Beans, Beans, they make you poop.
Now scoop it up fucker.
Don't do that again.

(Sign pinned on Peter's bedroom door throughout childhood)

Tuesday, April 20, 2010

Lessons of the Day: 4/19

1. Don't get Super-glue on your skin.

2. Don't touch insulation then itch your nose.

3. There's more to being a vegetarian than eating peanut butter.

Wednesday, April 14, 2010

His head lifts from a pillow green. Dew wells and dances two in beads across the hemisphere of his forehead - one departs the other for the bridge of his nose, the other swept up into the cracks of a passing finger.
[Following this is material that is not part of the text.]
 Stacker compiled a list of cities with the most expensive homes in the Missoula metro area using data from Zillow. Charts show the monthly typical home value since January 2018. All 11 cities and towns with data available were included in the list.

All the rehearsal and still the novelty of it all! All the talk and he still feels it. His stomach lifts. Anticipation.

I'm here.

He raises to his knees, hands pressed to the clay beneath him. He's to his feet, though his eyes remain looking downwards - he's staring at the outlined furrow he's left on the earth from the night. It is as if she'd swallowed him into her skin, into a single pore - where he was a follicle, perhaps? Some cause for mutuality? An attempt at negotiation?
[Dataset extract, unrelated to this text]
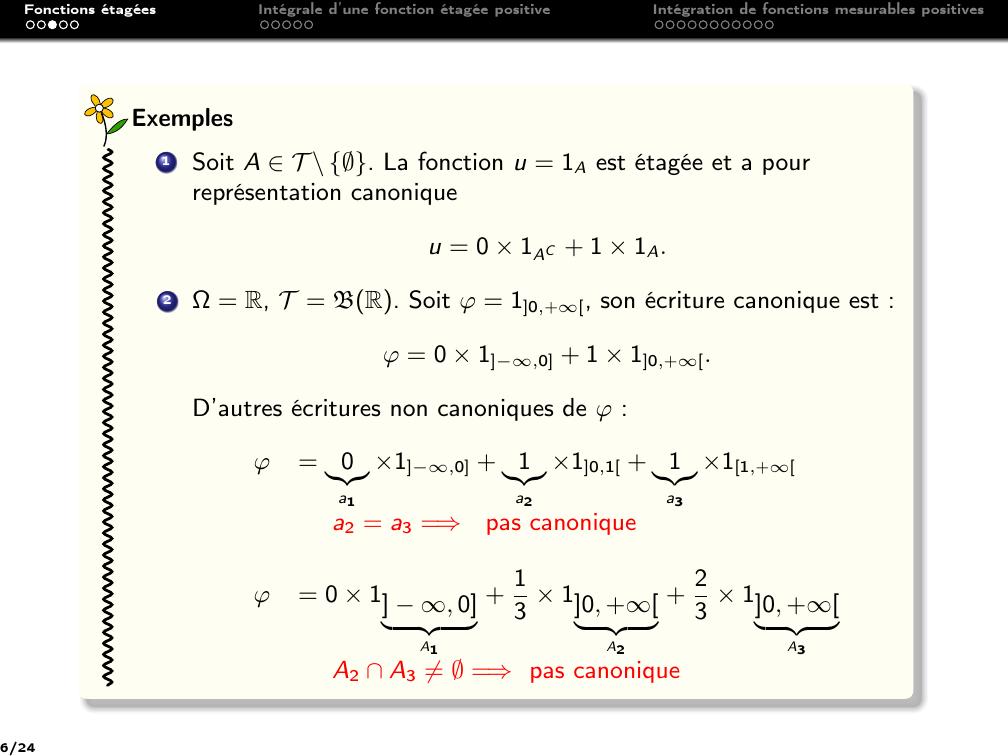 Page 6 : Fonctions étagéesIntégrale d’une fonction étagée positiveIntégration de fonctions mesurables positives1Soit A T \ . La fonction u = 1A est étagée et a pourreprésentation canoniqueu = 0 × 1AC + 1 × 1A.2Ω= R, T = BR. Soit φ = 10,+, son écriture canonique est :φ = 0 × 1,0 + 1 × 10,+.D’autres écritures non canoniques de φ :φ=0za1×1,0 +1za2×10,1 +1za3×11,+a2 = a3 =⇒pas canoniqueφ= 0 × 1 , 0zA1+ 13 × 10, + z A2+ 23 × 10, + z A3A2 A3 ̸= =⇒pas canoniqueExemples6/24

His eyes turn. The swelling feeling restores itself. He feels an eyebrow (just one) raise in question of the seeming contradictory nature of what he stands before him - this natural engineering been engineered!
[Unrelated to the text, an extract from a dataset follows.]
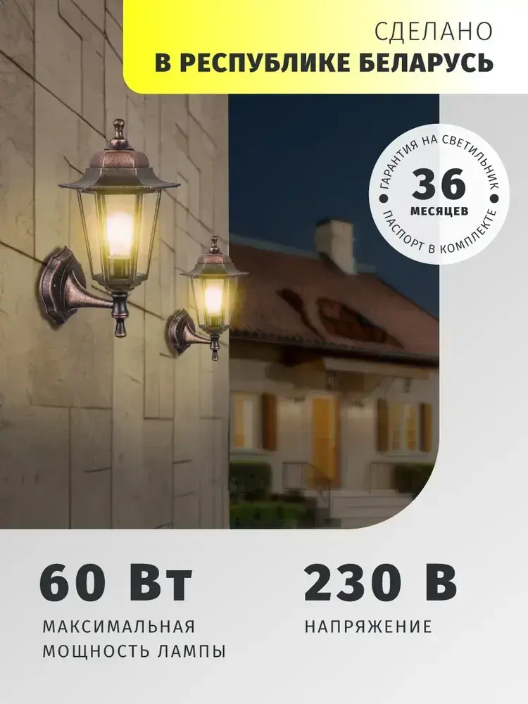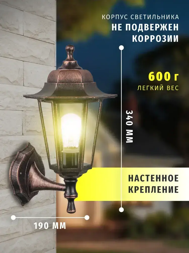 Светильник уличный настенный Navigator 80 495, 6 граней, цоколь E27, IP44, черный под медь

It's a tree----that's all. But it's more, really. Her leaves rest on the ground (some having been his bed.) She is asleep. She is unaware.

Though, she has forgotten her own existence, it is apparent that some have not. Still they come to her - they adorn her out of their need for individualism (or perhaps just boredom.) She is trimmed in bulbs by the hundred - floursecently fogged. No electricity here - they inspire by modestly catching passing strands of sunlight that penetrate casually from the canopy above. Even the smallest beam catches the white skin of the glass bulb enough to make its surface glow entirely - they seem to delight in fulfilling this role. Others strands pass through uncaring, and heedless to their participation in this event.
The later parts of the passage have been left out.